Pour utiliser la monnaie, il suffit de se rendre dans les commerces partenaires marseillais et de la troquer contre les différentes offres proposées. En avril 2024, on comptait dix commerçants engagés. Aujourd’hui, ils sont près d’une vingtaine : épiceries, restaurants, friperie, boutiques d’artisanats, espaces de coworking, ou encore réparateurs de vélos.

« Pour nous, commerces, ça peut donner une visibilité. Nous permettre de créer une économie dans un cercle d’acteurs écologiques marseillais », s’enthousiasme ainsi Marie Goelo. Elle est la gérante de la boutique zéro déchet Les flamants verts, le 6ᵉ arrondissement de Marseille. Ici, une pièce donne une réduction de 5 euros sur un atelier de fabrications de produits naturels. Ou une réduction sur l’espace dédié aux créations Sauvage. À savoir des bijoux, porte-clefs, sacs en toile, objets de décoration, que l’association fabrique dans son atelier à Aix-en-Provence.

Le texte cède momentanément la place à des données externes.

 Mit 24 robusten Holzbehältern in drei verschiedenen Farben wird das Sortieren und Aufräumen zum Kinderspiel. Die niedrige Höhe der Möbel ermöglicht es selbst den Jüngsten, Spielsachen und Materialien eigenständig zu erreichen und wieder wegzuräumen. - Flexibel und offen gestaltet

Mise en lumière des commerces partenaires

De plus, 10% du montant de chaque vente effectuée par l’association Sauvage, sur son site internet ou dans la boutique agréée, génère de la Monnaie Sauvage.

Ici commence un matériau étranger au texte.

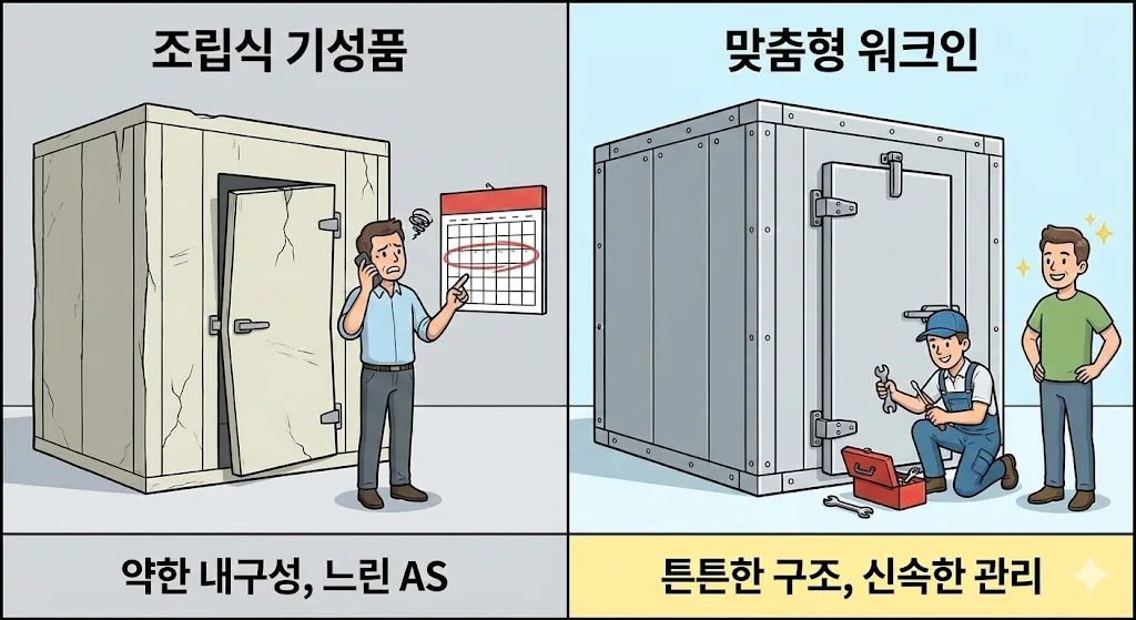 오늘은 조립식 기성품과 현장 맞춤형 워크인냉장고가 단열 성능과 사후 관리 측면에서 어떤 결정적인 차이가 있는지 낱낱이 분석해 드리도록 했답니다.
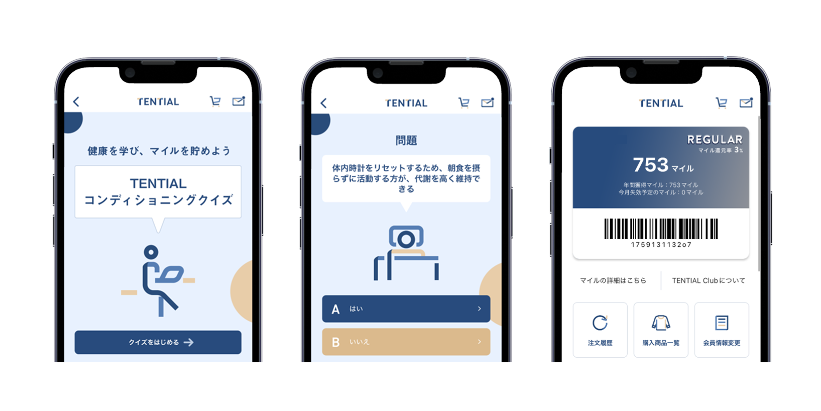 本アプリでは従来より運用していた「TENTIAL Club」をアプリにも拡張しています。ログインをすれば、顧客基盤との連携により会員情報が紐付き、マイル数と会員ランクをアプリ画面で簡単に確認することが可能です。
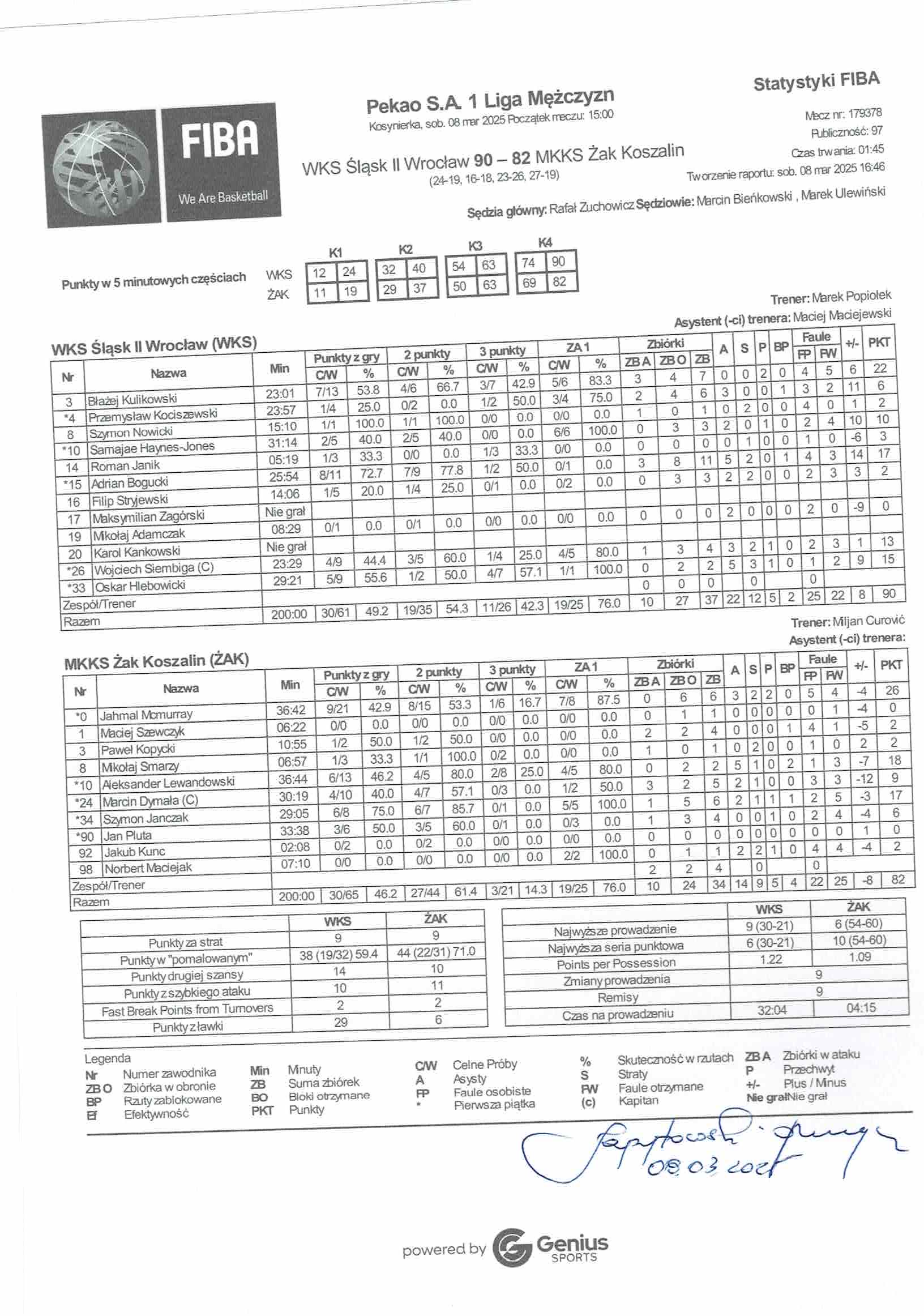 Sędziowie: Rafał Zuchowicz, Marcin Bieńkowski, Marek Ulewiński | Komisarz: Grzegorz Zapytowski
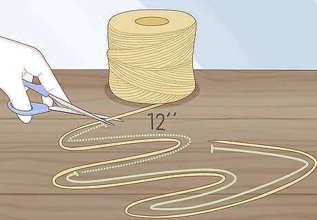 Cut a piece of twine that is as long as your measurement plus 12 in (30 cm). The extra 12 in (30 cm) will allow you to attach the twine to both the wreath and the hook on the other side of the door. Unravel a piece of twine that is the calculated length and cut it with scissors. You can use ribbon instead of twine for this method as well.

Parmi les vingt commerces partenaires, certains attirent plus de clientèle que d’autres, comme la brasserie artisanale Zoumaï. « C’est là que 70% des pièces sont réutilisées. C’est celui qui a été le plus mis en valeur, notamment avec un reportage de Brut, qui avait fait 8 millions de vues », se félicite Adrien Piquera. Ici, une pièce de Monnaie Sauvage donne droit à un demi de bière.

Cette mise en lumière est très appréciée par ce commerce partenaire. « Des gens qui ne connaissaient pas le bar ont été mis au courant par les associations. Et on les a revus assez souvent après », se réjouit Zoé, barmaid chez Zoumaï.

♦ (re)lire l’article : Ramasser les détritus, un acte citoyen !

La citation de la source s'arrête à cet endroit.